The death of a 19-year-old University of Maryland football player happened because he didn’t receive proper medical treatment, according to a report released Friday.
Rod Walters, a former athletic trainer who manages a sports consulting firm, outlined in a 74-page report that staff with the university’s athletic department took more than an hour to call 911 after Jordan McNair suffered from symptoms of a heatstroke.
Although trainers provided a cold towel and ice packs to cool down McNair after conditioning tests May 29, cold water immersion treatment, or a cold tub, should’ve been provided because workouts changed from the Maryland stadium to practice fields.
“Although change of venue is not uncommon in outdoor sports, it is essential that sufficient time must be allowed to ensure minimal medical equipment is setup by the athletic training staff prior to practice initiating,” according to the document. “There appeared to be a lack of appropriate implementation of the EAP and failure to recognize the severity of the incident,” according to the Walters report.
The university hired Walters’ firm to assess what happened when McNair died June 13 and analyze the athletic department’s policies and procedures.
University President Wallace Loh said during a press conference Aug. 14 the school takes “legal and moral responsibility for the mistakes that our training staff made.”
Murphy, Falcon & Murphy, a Baltimore law firm representing the McNair family, received a copy of the report Thursday. On the company’s website, it’s requesting any players who may have been affected.

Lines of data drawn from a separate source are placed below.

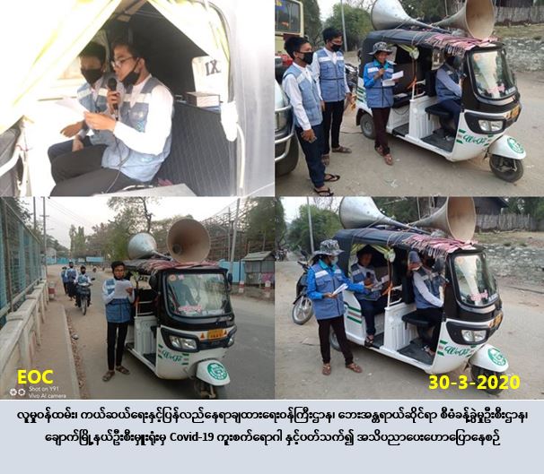 လူမှုဝန်ထမ်း၊ ကယ်ဆယ်ရေးနှင့် ပြန်လည်နေရာချထားရေးဝန်ကြီးဌာန၊ ဘေးအန္တရာယ်ဆိုင်ရာ စီမံခန့်ခွဲမှုဉီးစီးဌာန၊ ချောက်မြို့နယ်ဦးစီးမှူးရုံးမှ တာဝန်ရှိသူများသည် (၂၈-၃-၂၀၂၀ )ရက်နေ့တွင် ချောက်မြို့နယ်အတွင်းရှိ အဒမှတ်(၁)၊အမှတ်(၂)၊ အမှတ်(၃)နှင့် အမှတ်(၄)ရပ်ကွက်များသို့ covid – 19 ရောဂါ ကာကွယ်ထိန်းချုပ်ရေးနှင့် အသိပညာပေးခြင်းကို ဆောင်ရွက်ခဲ့ကြောင်းသတင်းရရှိ ပါသည်။
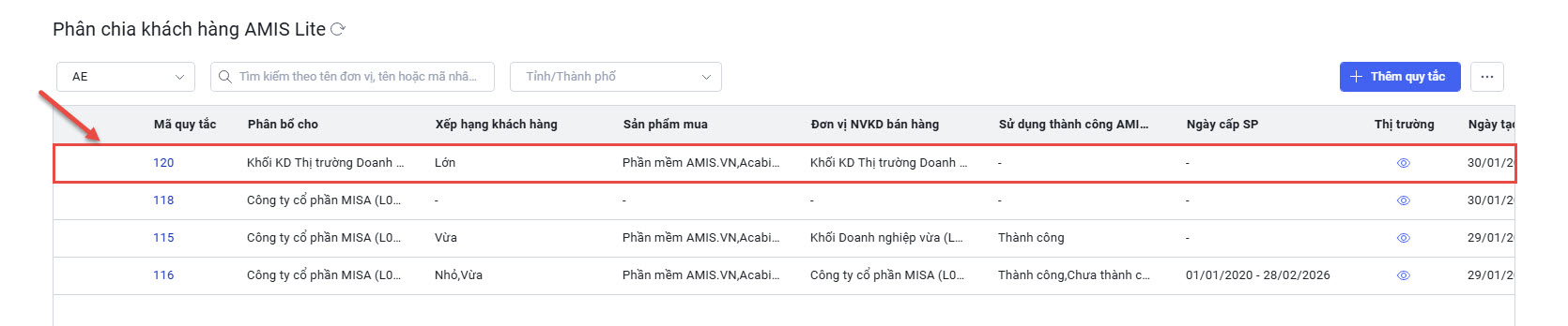 - Thao tác tương tự như vai trò Presale, anh/chị chọn vai trò AE => nhấn Thêm quy tắc.
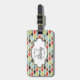This beautiful luggage tag features a scalloped design of red, blue, brown, green, and white on front and back with areas you can customise with your name and last name initial as well as phone number or full address.
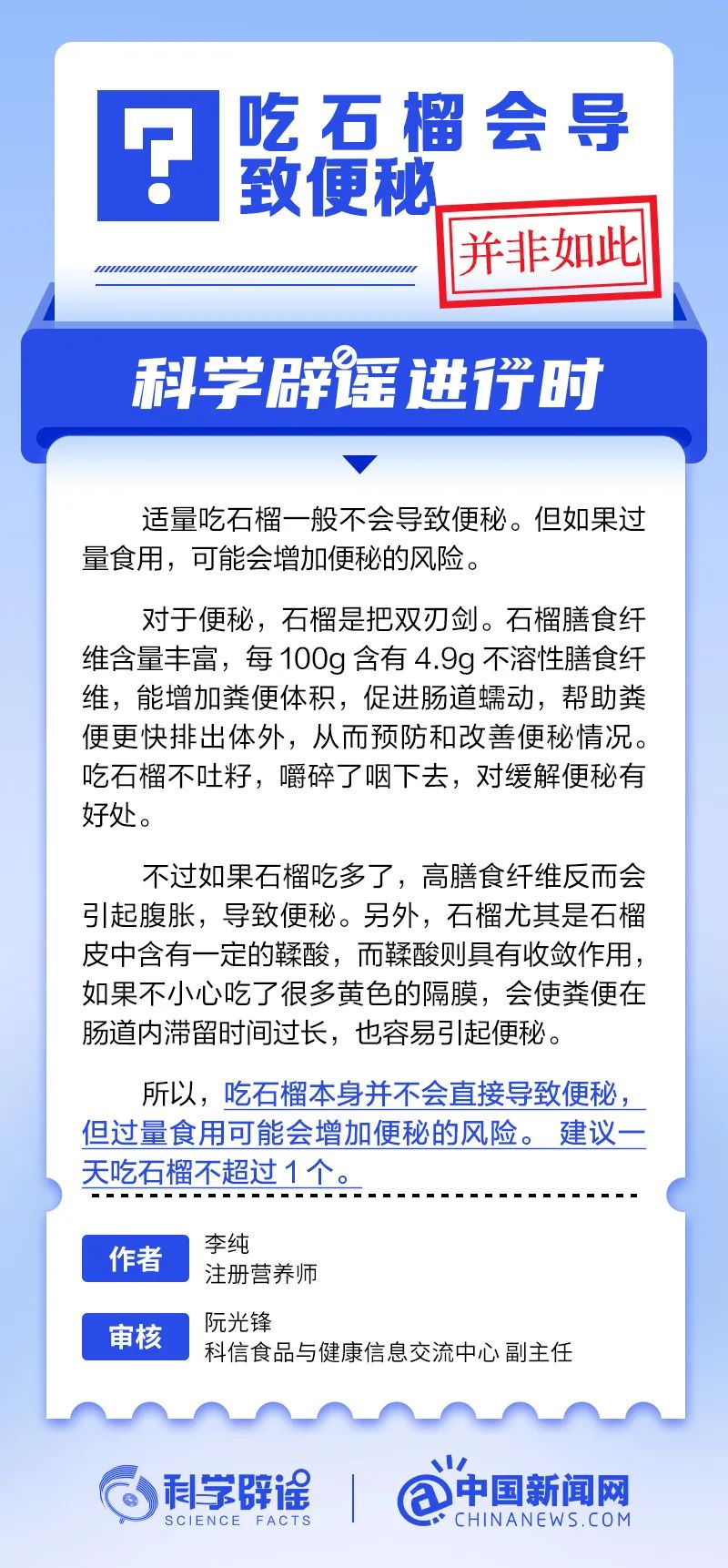 吃石榴会导致便秘吗?适量吃石榴一般不会导致便秘。但如果过量食用,可能会增加便秘的风险。石榴膳食纤维含量丰富,能增加粪便体积,促进肠道蠕动,帮助粪便更快排出体外。但如果石榴吃多了,高膳食纤维反而会引起腹胀,导致便秘。
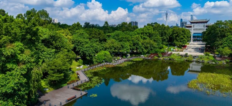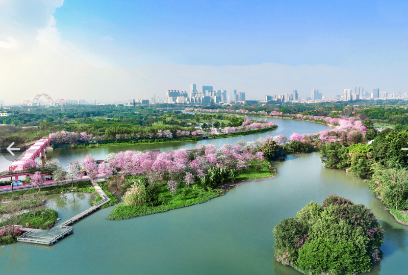 鳧鷺涇附近10畝櫻花林在春天相繼綻放。夏季超一萬平方米荷花綻放。明鏡湖睡蓮超30種。老樹園近百年樹齡的龍眼荔枝默默記錄著嶺南千年農(nóng)業(yè)文化的傳承。
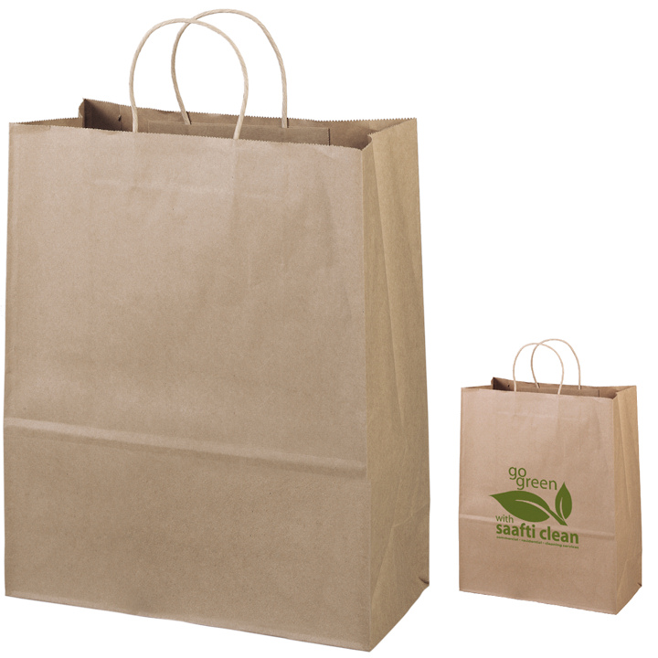 The Citation Brown kraft shoppers made from 100% recycled paper (with a minimum of 95% recycled post-consumer content) with matching twisted paper handles and serrated cut top. All with your custom logo - great for the plastic bag bans and more! An eco promotional item. 13"W X 6" X 15 3/4"H.

“The University of Maryland coaching staff not only put McNair under extreme physical exhaustion and stress, but also completely failed in their due diligence to ensure his safety,” the firm states.

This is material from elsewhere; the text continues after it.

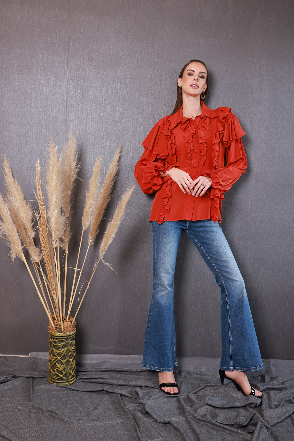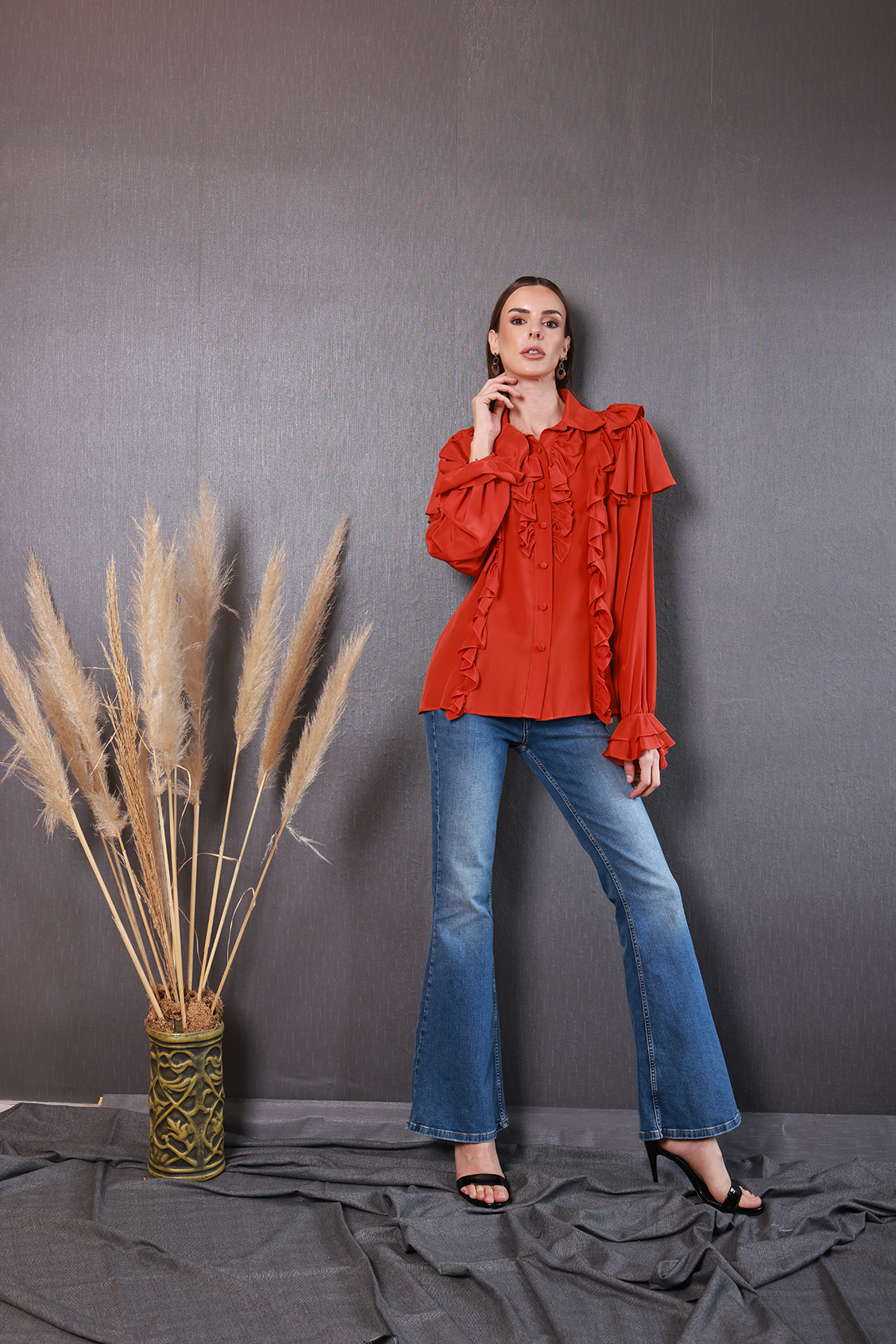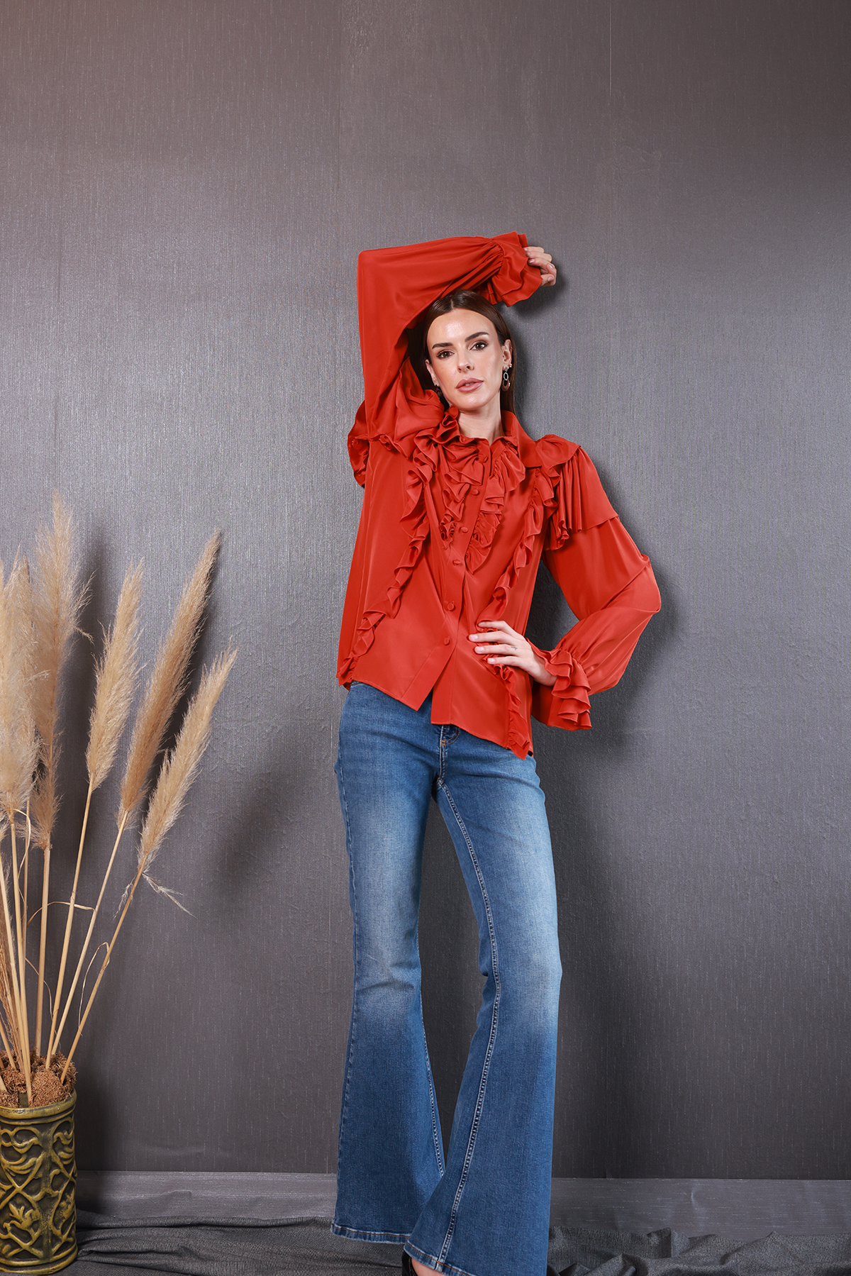 Elica Turuncu İpek Saten Volanlı Şık Tasarım Gömlek

McNair had his jersey retired at McDonogh High School in Owings Mills, Maryland.
The report was made public after a University System of Maryland’s Board of Regents meeting. The board is also conducting an inquiry into the athletic program, but isn’t scheduled to meet again until Oct. 19.
The Walters document provides a timeline on an 81-degree day of McNair’s last practice. The team conditioning session began at 4:15 p.m. with hydration stations established around the field. At about 4:53 p.m., athletic trainers noted McNair “as exhausted” before he started the eighth of 10 110-yard runs.
“Teammates … went to run with [McNair] and encourage him to complete the repetition,” according to the report.
After complaining of low back pain and cramps, athletic trainers took the 6-foot-4-inch, 325-pound freshmen into the field house for observation. However, that didn’t happen until 5:22 p.m.
Almost 30 minutes later at 5:50 p.m., McNair “demonstrated a drastic mood change … and began yelling at the athletic trainers.” He then suffered a seizure.
Two 911 calls went out at 5:55 p.m. and 6:02 p.m. McNair was finally transported to a local hospital at 6:27 p.m., more than 90 minutes after he first showed heat-related symptoms.
The report highlights anonymous interviews with four players that confirmed some of the accounts.
One player said Wes Robinson, a football trainer, yelled for McNair to “drag his ass across the field.” Another player said Robinson shouted “across the field to ‘get him the [expletive] up.'”
ESPN reported last month of players who spoke on condition of anonymity that an abusive culture existed at the university led by head coach DJ Durkin, who currently remains on administrative leave.
The report notes prior to McNair’s workout, he told trainers he did not eat and only ate a bowl of cereal in the morning.
Although the team emphasizes hydration and each athlete receives a gallon of water, McNair’s unopened water “was found in his locker.”
The Walters report offers 27 recommendations for improvement, including:
• Cold water immersion devices need to be available for all training, conditioning or practice activities.
• Establish a functional model for supervising, education, and staffing certified athletic trainers and physical therapists to allow provision of appropriate medical care in a best practice model.
• Increase communication on timing with change of venue for workout.
Meanwhile, Loh and Damon Evans, director of athletics at Maryland, said in a letter sent to the school community Friday that it will and has implemented changes to train and protect student athletes.
“President Loh and I are wholeheartedly committed to the safety and well-being of our students,” Evans said. “We will do everything in our power to prevent a tragedy like this from ever happening again.”